The finished copy should match every record exactly and contain no pictures.

SUPPLIED RECORDS:
== Segment start ==

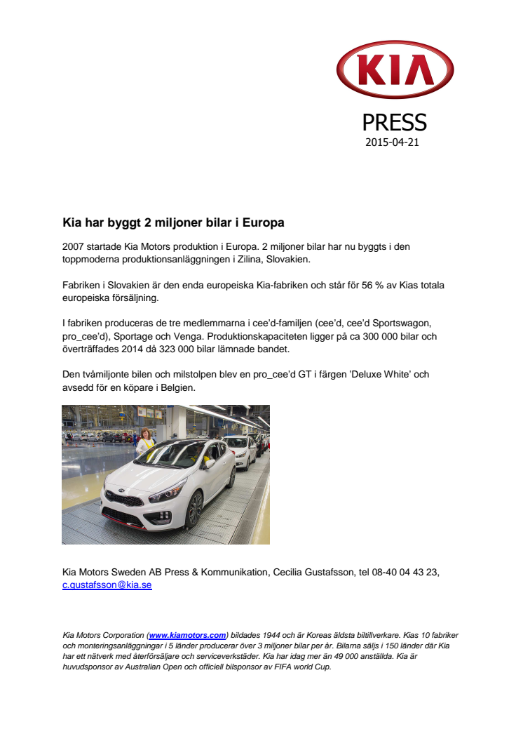 2007 startade Kia Motors produktion i Europa. 2 miljoner bilar har nu byggts i den toppmoderna produktionsanläggningen i Zilina, Slovakien.
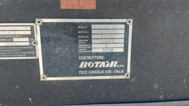 2018 Air CompressorMake: R01A1R SMAModel: MDVS120P7VIN: 6U9VSS00000139824ATM: 2020KGL: 4.3m APPROX
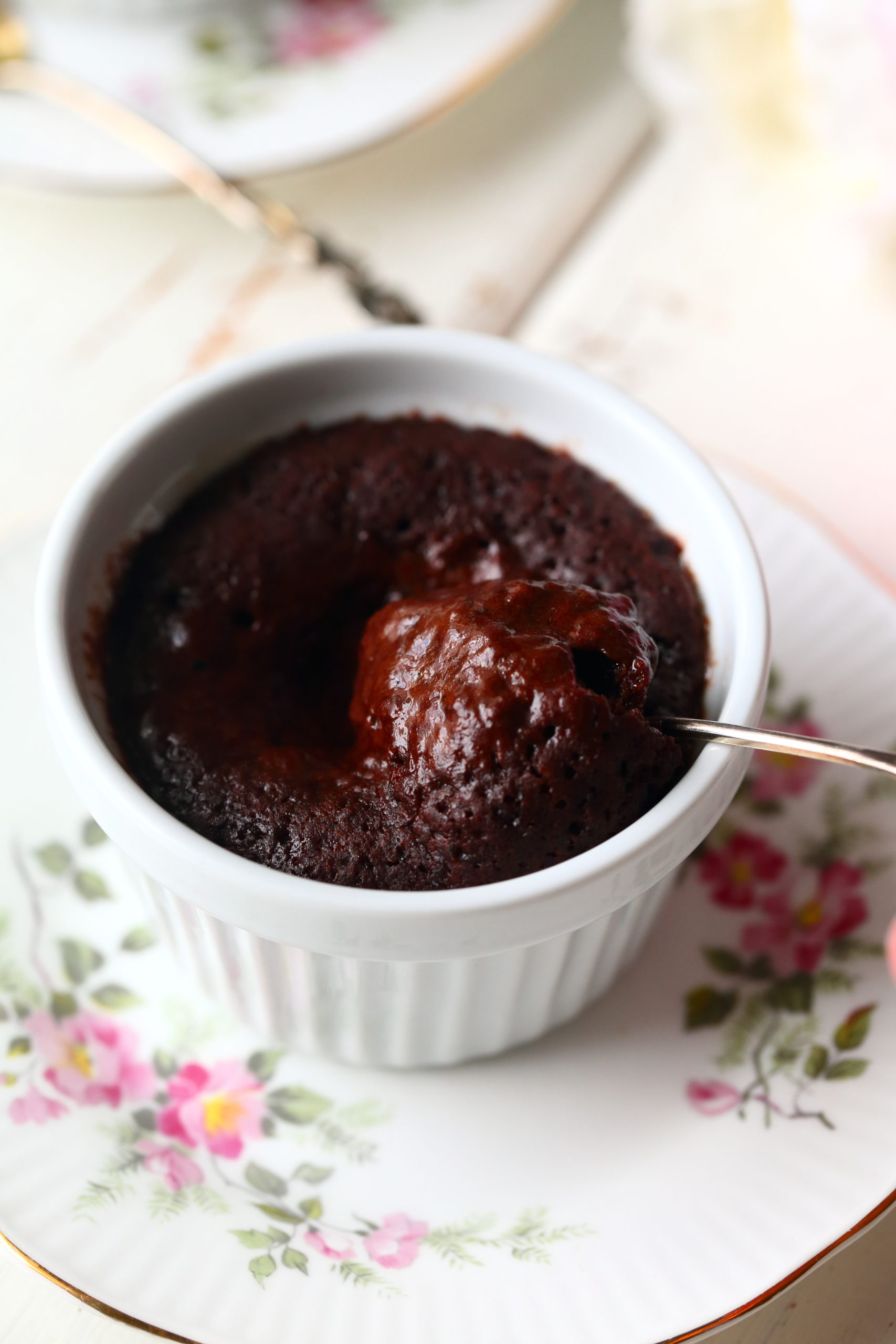 Laita kupit mikroon ja kypsennä täydellä teholla 60-90 sekuntia. Huomaa, että mikrot ovat tehoiltaan erilaisia, joten etsi mikrollesi sopiva aika. Mutakakku on valmis, kun se on kohonnut ja kiinteytynyt reunoilta, mutta keskeltä se on edelleen taikinamaista.
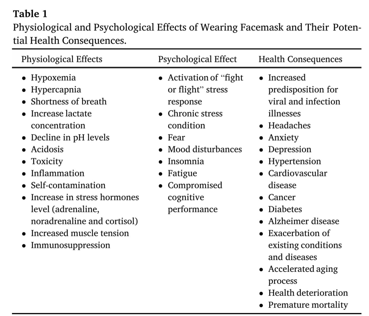 „Die vorhandenen wissenschaftlichen Beweise stellen die Sicherheit und Wirksamkeit des Tragens von Gesichtsmasken als präventive Maßnahme für COVID-19 in Frage. Die Daten legen nahe, dass sowohl medizinische als auch nicht-medizinische Gesichtsmasken unwirksam sind, um die Übertragung von Viren und Infektionskrankheiten wie SARS-CoV-2 und COVID-19 von Mensch zu Mensch zu verhindern, was gegen die Verwendung von Gesichtsmasken spricht. Das Tragen von Gesichtsmasken hat nachweislich erhebliche nachteilige physiologische und psychologische Auswirkungen. Dazu gehören Hypoxie, Hyperkapnie, Kurzatmigkeit, erhöhte Azidität und Toxizität, Aktivierung der Angst- und Stressreaktion, Anstieg der Stresshormone, Immunsuppression, Müdigkeit, Kopfschmerzen, Abnahme der kognitiven Leistungsfähigkeit, Prädisposition für virale und infektiöse Erkrankungen, chronischer Stress, Angst und Depression. Langfristige Folgen des Tragens von Gesichtsmasken können eine Verschlechterung des Gesundheitszustands, die Entwicklung und das Fortschreiten chronischer Krankheiten und einen vorzeitigen Tod verursachen. Regierungen, politische Entscheidungsträger und Gesundheitsorganisationen sollten in Bezug auf das Tragen von Gesichtsmasken einen prosperierenden und auf wissenschaftlichen Erkenntnissen basierenden Ansatz verfolgen, wenn das Tragen von Gesichtsmasken als präventive Maßnahme für die öffentliche Gesundheit betrachtet wird.“
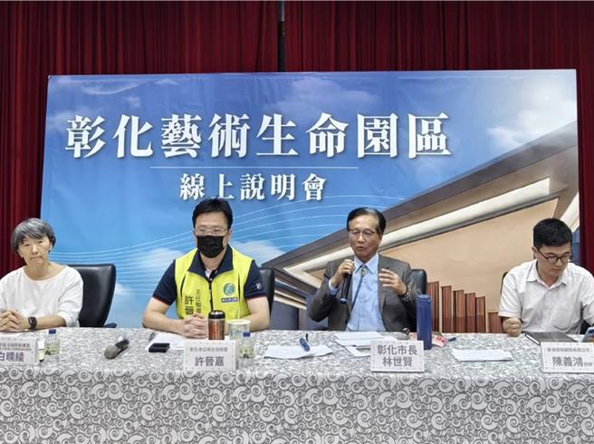 彰化市公所9日晚間舉辦「藝術生命園區設立概念構想」線上說明會,由彰化市長林世賢(右二)親上火線闡述理念。(彰化市公所提供/孫英哲彰化傳真)
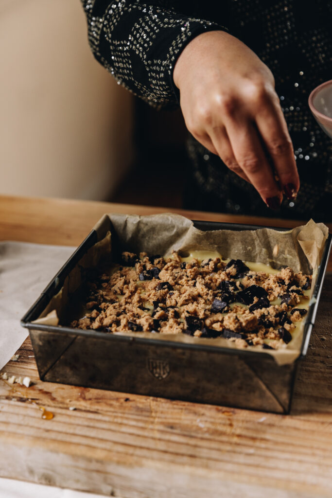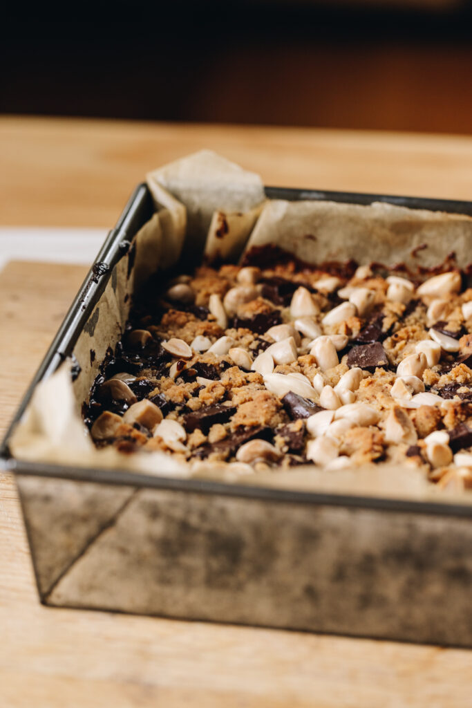 - Sprinkle this crumb all over the caramel. Bake in the oven for 25 minutes until golden and lush! Leave to cool for 15 minutes or so before slicing.

== Segment end ==

EXERCISE RESPONSE:
 2007 startade Kia Motors produktion i Europa. 2 miljoner bilar har nu byggts i den toppmoderna produktionsanläggningen i Zilina, Slovakien.
 2018 Air CompressorMake: R01A1R SMAModel: MDVS120P7VIN: 6U9VSS00000139824ATM: 2020KGL: 4.3m APPROX
 Laita kupit mikroon ja kypsennä täydellä teholla 60-90 sekuntia. Huomaa, että mikrot ovat tehoiltaan erilaisia, joten etsi mikrollesi sopiva aika. Mutakakku on valmis, kun se on kohonnut ja kiinteytynyt reunoilta, mutta keskeltä se on edelleen taikinamaista.
 „Die vorhandenen wissenschaftlichen Beweise stellen die Sicherheit und Wirksamkeit des Tragens von Gesichtsmasken als präventive Maßnahme für COVID-19 in Frage. Die Daten legen nahe, dass sowohl medizinische als auch nicht-medizinische Gesichtsmasken unwirksam sind, um die Übertragung von Viren und Infektionskrankheiten wie SARS-CoV-2 und COVID-19 von Mensch zu Mensch zu verhindern, was gegen die Verwendung von Gesichtsmasken spricht. Das Tragen von Gesichtsmasken hat nachweislich erhebliche nachteilige physiologische und psychologische Auswirkungen. Dazu gehören Hypoxie, Hyperkapnie, Kurzatmigkeit, erhöhte Azidität und Toxizität, Aktivierung der Angst- und Stressreaktion, Anstieg der Stresshormone, Immunsuppression, Müdigkeit, Kopfschmerzen, Abnahme der kognitiven Leistungsfähigkeit, Prädisposition für virale und infektiöse Erkrankungen, chronischer Stress, Angst und Depression. Langfristige Folgen des Tragens von Gesichtsmasken können eine Verschlechterung des Gesundheitszustands, die Entwicklung und das Fortschreiten chronischer Krankheiten und einen vorzeitigen Tod verursachen. Regierungen, politische Entscheidungsträger und Gesundheitsorganisationen sollten in Bezug auf das Tragen von Gesichtsmasken einen prosperierenden und auf wissenschaftlichen Erkenntnissen basierenden Ansatz verfolgen, wenn das Tragen von Gesichtsmasken als präventive Maßnahme für die öffentliche Gesundheit betrachtet wird.“
 彰化市公所9日晚間舉辦「藝術生命園區設立概念構想」線上說明會,由彰化市長林世賢(右二)親上火線闡述理念。(彰化市公所提供/孫英哲彰化傳真)
 - Sprinkle this crumb all over the caramel. Bake in the oven for 25 minutes until golden and lush! Leave to cool for 15 minutes or so before slicing.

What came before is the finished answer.